On November 9, 1984, Wes Craven’s A Nightmare on Elm Street was released to critical and commercial acclaim, praised for how it leveraged the slasher formula to create a horror film that reached newly surreal and terrifying heights, while also introducing a new horror icon in Freddy Krueger and laying the foundation for a long-running franchise. Craven would subvert his genius depiction of suburban terror (and introduce yet another ubiquitous villain) 12 years later with Scream, another generation-defining piece of pop horror media that famously took the recognizable tropes of the genre to task. This franchise, too, is still seeing new entries more than 25 years later.
However, Craven had long seen the potential for bold, playful conceptual swings in horror before introducing audiences to Ghostface. His run of films between Elm Street and Scream never found the same widespread success as those two bombshells, but they offer a telling insight into Craven’s enthusiasm for the madcap flavors of the genre. Whether it’s Chiller, a TV movie about a cryogenically frozen bigwig who returns as a psychotic killer, or Deadly Friend, a sci-fi horror about a teen who creates a killing machine by implanting a robotic processor into his neighbor’s brain, Craven’s unrestrained zeal for exploring wild ideas defines this period of his career—perhaps never more madly or successfully than with 1989’s Shocker.
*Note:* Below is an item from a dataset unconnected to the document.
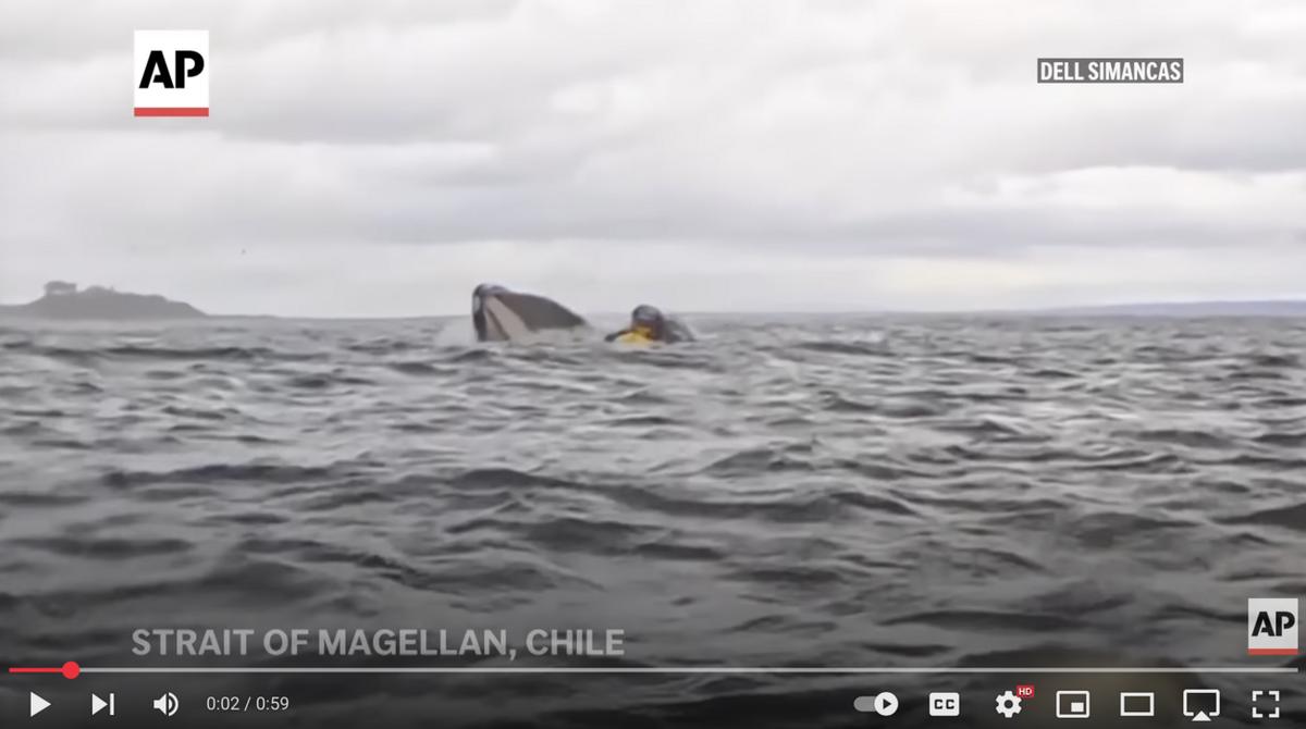 Вирусное видео показывает, как гренландский кит на мгновение прогладывает каякера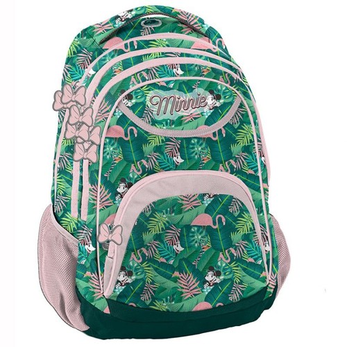 Plecak szkolny Minnie zielono-różowy. Posiada trzy pojemne komory, kieszeń przednią z organizerem zamykaną na zamek oraz dwie boczne kieszonki wykonane z siatki, które pomieszczą butelkę, bidon czy termos. W komorze głównej znajduje się przegroda (na laptop), w drugiej komorze organizer z kieszenią na zamek oraz uchwyt na klucze. Wzmocnione profilowane plecy oraz miękkie, regulowane szelki sprawiają, że plecak nosi się niezwykle komfortowo. Plecak posiada wygodny uchwyt do przenoszenia, uszko do powieszenia oraz elementy odblaskowe dla zwiększenia bezpieczeństwa na drodze lub po zmroku. Ze względu na swój rozmiar, plecak to idealne rozwiązanie zarówno dla nastolatków, jak i dla młodszych dzieci. W Paso sięgamy po nowoczesne wzornictwo, nie zapominając o tym, by oferować solidne i praktyczne produkty.

Anchored in a batshit premise and paced like a bullet train, Shocker is a lot like Elm Street on steroids, amplifying both its concept of stretching the limits of our temporal reality and the biting humor of the script into a horror film that’s never particularly scary, because it seems like it’s having too much fun to try terrifying you. Rather than outright dread or fear, Craven is more interested in remixing the element of a killer that moves between worlds and maps it onto another film that operates in modes of dream space and logic, morphing into something much more unorthodox: a movie about an electric serial killer who can only be stopped by the power of love.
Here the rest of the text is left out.